Topic 4 of 12

Introduction to SQL

SQL is the #1 skill employers look for in data analysts. Master these basics and unlock access to billions of rows of data.

📚Beginner
⏱️18 min
6 quizzes

What is SQL?

SQL (Structured Query Language) is the universal language for talking to databases. Think of it as asking questions to your data warehouse.

Real-world analogy: Imagine a library with millions of books. SQL is how you ask the librarian: "Show me all sci-fi books published after 2020, sorted by rating."
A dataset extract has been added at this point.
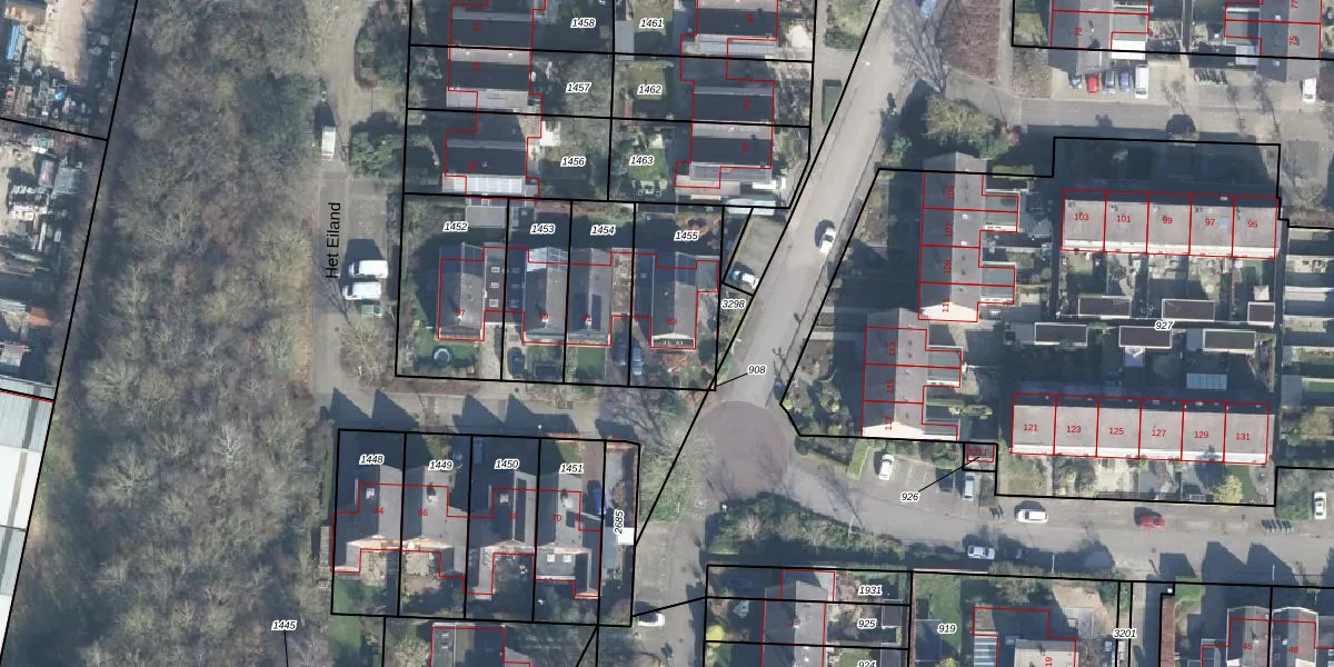 Het perceel waarop Het Eiland 63 staat heeft een oppervlakte van 364 m². Dit is een groot perceel. De perceeloppervlakte wordt geregistreerd door het Kadaster. Gedetailleerde informatie over de maten van dit perceel kunt u vinden in het rapport Kadastrale kaart met maatvoering van Het Eiland 63.

Why SQL Matters for Data Analysts

Most requested skill: 80% of data analyst jobs require SQL ✅ Handles massive data: Query millions of rows in seconds ✅ Industry standard: Works with MySQL, PostgreSQL, SQL Server, Oracle, BigQuery ✅ No UI limits: Excel crashes at 1M rows; SQL doesn't

Industry Insight: Knowing SQL increases your starting salary by ₹2-4 LPA on average.


Database Basics

What is a Database?

A database is an organized collection of data stored in tables (like Excel sheets, but way more powerful).
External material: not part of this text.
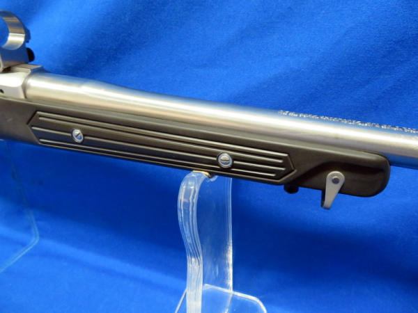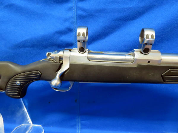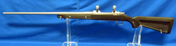 24" Stainless Barrel; fired but only a few times; very nice condition; smooth action; has scope ring mounts; black synthetic skeleton stock; SN#787-57964

Example: E-commerce Database

Table: customers | customer_id | name | email | city | |-------------|------|-------|------| | 1 | Rahul | r@ex.com | Mumbai | | 2 | Priya | p@ex.com | Delhi |

Table: orders | order_id | customer_id | product | amount | |----------|-------------|---------|--------| | 101 | 1 | Laptop | 45000 | | 102 | 2 | Mouse | 500 |

Key Concepts

  • Table: Like an Excel sheet (rows = records, columns = fields)
  • Row: A single record (one customer, one order)
  • Column: A field (name, email, amount)
  • Primary Key: Unique identifier (customer_id, order_id)
  • Foreign Key: Links tables together (customer_id in orders table)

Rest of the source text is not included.